Just how did the last residual loyalty to the Labour tribe finally fray away? Perhaps the beginning of the end was Peter Mandelson’s term as MP for Hartlepool (“intensely relaxed about people getting filthy rich”) during which New Labour did very little to tackle the desperation and deprivation of the nation’s former industrial heartlands. Was it accelerated by the coalition’s austerity-driven assault on social and welfare provision? Almost certainly. Did a 20 year tabloid (and broadsheet) campaign against the mostly fictional deficiencies of the EU play a part? Definitely. And did the utterly unscrupulous and venomous 12 year blitz of xenophobic propaganda by the same newspapers have an effect? Absolutely – otherwise how can the hostility to immigrants in a region that is one of the last destinations for migrants in search of employment be explained? This is a population, cynically groomed by masters of misinformation, opinion formers who would have served the Third Reich with distinction, given the opportunity. Easily persuaded to place the blame for all their discontents on outsiders and remote Brussels bureaucrats.


This is all deeply depressing but what is even more astounding is that these voters have placed their trust in Johnson and Gove, a Gilbert and George tribute act in which two slightly weird looking performers attempt to outdo one another with the scale and audacity of their lies. The fight-back against an oppressive establishment elite is to be lead by a pair of former journalists whose careers were built on their ability to distort the truth to fit the prejudices of their masters and readers. Their elitist credentials are impeccable – private income, public school, Oxford. Despite that they are essentially puppets of megalomaniac media proprietors. In the case of Johnson, the strings are pulled by the weirdo Barclay Brothers whose Daily Telegraph pages are besmirched by regular windy diatribes from the pen of Johnson – for which dubious services they pay him £250K per year. The Gove strings are pulled by Rupert Murdoch (CEO, News Corporation) by whom he was employed as a Times columnist for almost a decade.
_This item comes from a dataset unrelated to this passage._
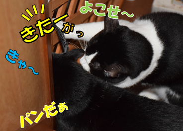 お父さんにまとわりつきながら、お父さんと一緒に2階に上がり、おやつを貰うのでした。
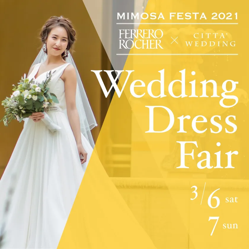 『MIMOSA FESTA 2021』開催中の3月6日(土)、7日(日)の2日間限定で、イタリア生まれのチョコレート「フェレロ ロシェ」とチッタ ウェディングがコラボレーションするウェディングフェア。憧れのブランドウェディングドレスのご試着とフェレロ ロシェ特製ブーケを持ったお姿をお手持ちのカメラで撮影します。※先着順

Gove is a regular around Murdoch’s dinner table – who knows what they talk about but I can say with total confidence that addressing social and income inequality has never been a topic for discussion. Johnson and Gove are two of the loudest cheerleaders for the callous neoliberalism that drove their new-found followers to despair. 

What next? Can the Labour party find the language to reconnect with its lost voters? Unlikely at present. Is there a Labour leader in waiting with the skills and personality to make a difference? Maybe – but I couldn’t name one. Can Johnson and Gove deliver the White Supremacist State that the worst of their followers believe they have been promised? If they lack the stomach for a programme of repatriation there are others with no such scruples. The recent ugly scenes in Newcastle may be just the start of something very much worse. Johnson and Gove are postmodern politicians – clever and shallow, puny in stature, devoid of conscience, no grace or gravitas. Will they persuade the Scots to remain in the Union? Do they command the necessary public trust to deal with the unravelling of the Good Friday Agreement? Watch them choke as they attempt the simultaneous ownership and consumption of cake. Their false promises and falsehoods exposed will be their undoing. And they will turn to us, hold out their hands and say – it was only ever a piece of performance art. Get over it.